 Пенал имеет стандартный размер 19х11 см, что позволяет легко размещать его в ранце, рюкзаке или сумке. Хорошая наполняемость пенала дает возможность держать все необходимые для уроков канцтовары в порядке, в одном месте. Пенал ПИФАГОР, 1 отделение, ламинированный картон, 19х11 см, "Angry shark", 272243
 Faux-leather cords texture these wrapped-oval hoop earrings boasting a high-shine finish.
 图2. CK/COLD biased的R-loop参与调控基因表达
:::
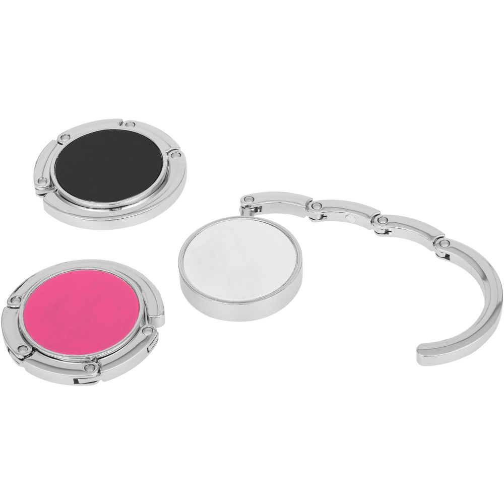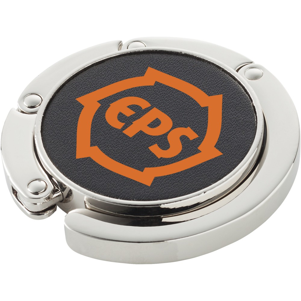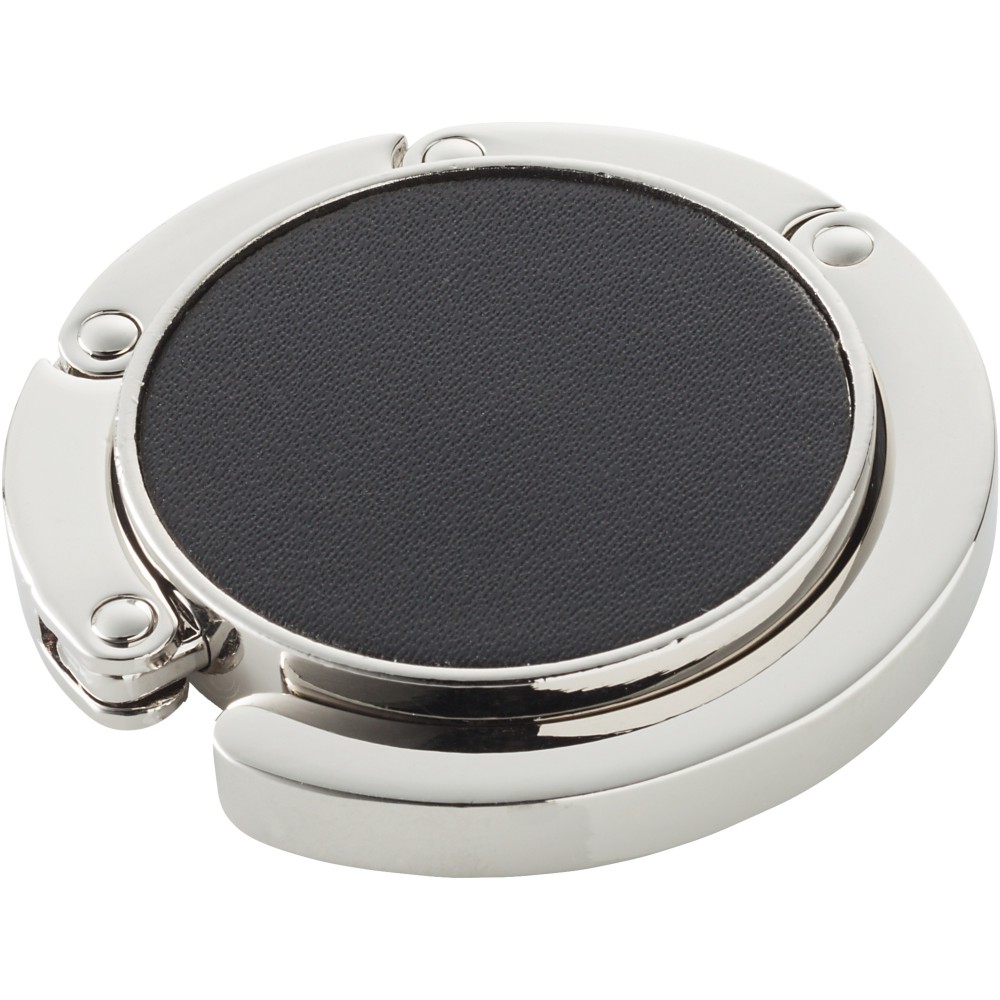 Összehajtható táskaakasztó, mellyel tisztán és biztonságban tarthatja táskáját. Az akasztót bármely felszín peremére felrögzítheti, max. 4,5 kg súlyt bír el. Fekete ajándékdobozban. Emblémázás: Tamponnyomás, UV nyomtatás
:::
* Task brief: In the listing above, find the line with "Пенал имеет стандартный" and the line with "图2. CK/COLD biased的R-loop参与调控基因表达", then reproduce both and every line between them exactly.

* Solution to this exercise:
 Пенал имеет стандартный размер 19х11 см, что позволяет легко размещать его в ранце, рюкзаке или сумке. Хорошая наполняемость пенала дает возможность держать все необходимые для уроков канцтовары в порядке, в одном месте. Пенал ПИФАГОР, 1 отделение, ламинированный картон, 19х11 см, "Angry shark", 272243
 Faux-leather cords texture these wrapped-oval hoop earrings boasting a high-shine finish.
 图2. CK/COLD biased的R-loop参与调控基因表达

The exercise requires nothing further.